Non vanno dimenticati però altri due punti focali. Il primo riguarda l’ipotesi di “aperture di altri incarichi (e poltrone) molto più alti e a lui congeniali. Come la Banca Mondiale o il ruolo di Segretario generale della Nato”.

La seconda delle ragioni, tocca da vicino l’evolversi della guerra in Ucraina. “Potrebbero esserci clamorosi sviluppi, come fa pensare il recente avviso dell’ambasciata Usa a Kiev, che ha chiesto agli americani di lasciare immediatamente il Paese. Potrebbe essere vicino il crollo dell’Ucraina e il dilagare dell’invasione russa. Oltreché una tragedia per l’Ucraina, sarebbe una disfatta per i governi occidentali, a partire da quello italiano”. E difatti il governo Draghi si è esposto più di quello di Macron e di quello di Scholz.
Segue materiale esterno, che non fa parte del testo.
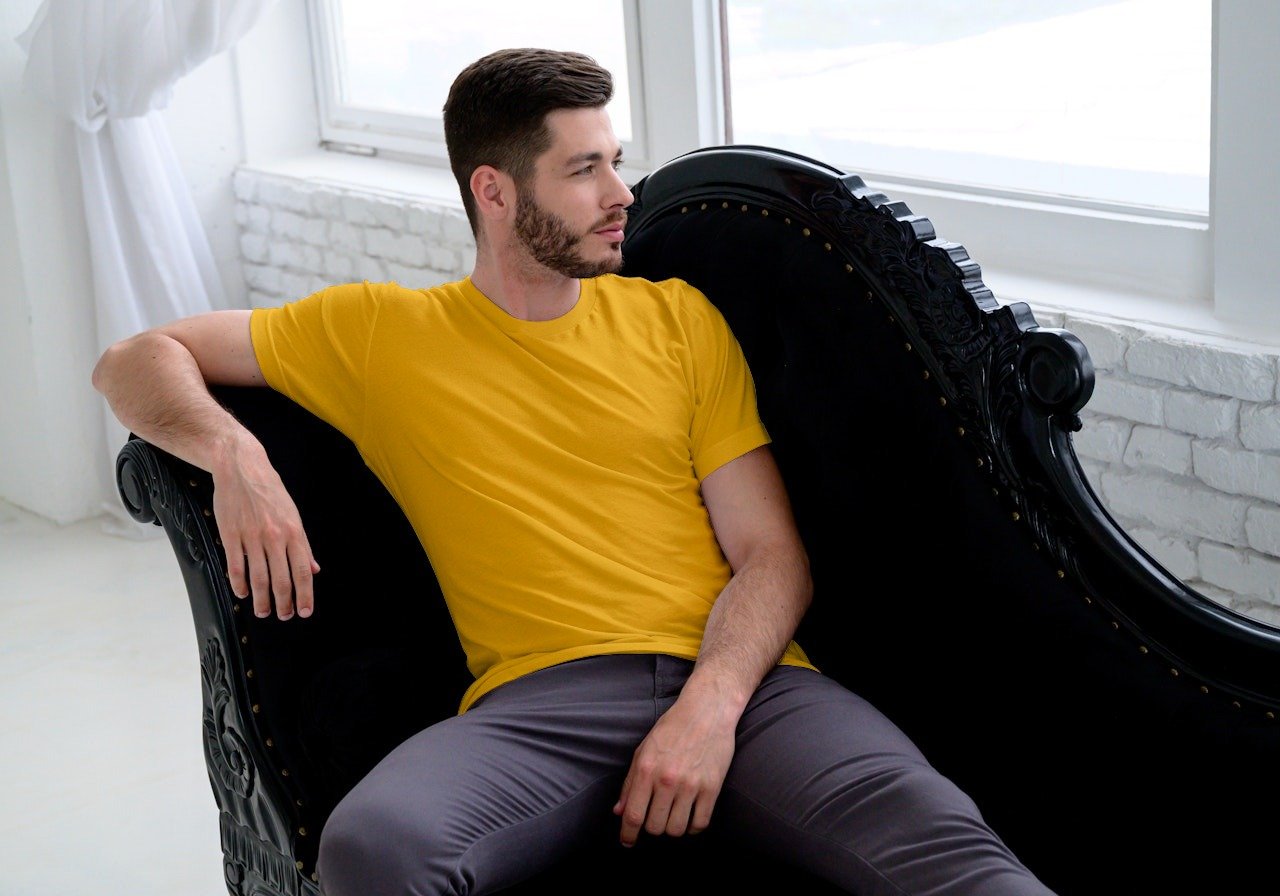 Men’s Solid Round Neck Half Sleeve T-Shirt | Golden Yellow

C'è inoltre una ragione più imminente. La disastrosa situazione del Paese che potrebbe esplodere in Autunno che chiamare "caldo" è un eufemismo - stagione che farà emergere un incontenibile malcontento popolare contro di lui e il suo governo, ciò che sarebbe disastroso per la sua "immagine internazionale".

E stavolta non c'è moral suasion di Mattarella che tenga, poiché Draghi è molto determinato nella sua scelta. "Una rigidità" che secondo il quirinalista Marzio Breda del Corriere della sera, "neanche lui è riuscito ad ammorbidire". " Vado dal presidente della Repubblica per comunicare le mie determinazioni", in luogo di "le mie decisioni" ha detto questa mattina alla Camera.

Siccome non mi fido di Mattarella e dei suoi barbatrucchi quirinalizi, prima di festeggiare per davvero, aspetterò che la matassa si districhi. E che si venga a sapere quanto è lungo l'interregno tra le dimissioni date da Draghi e le elezioni. E poi stappare bottiglie prima del tempo, dicono che porti male.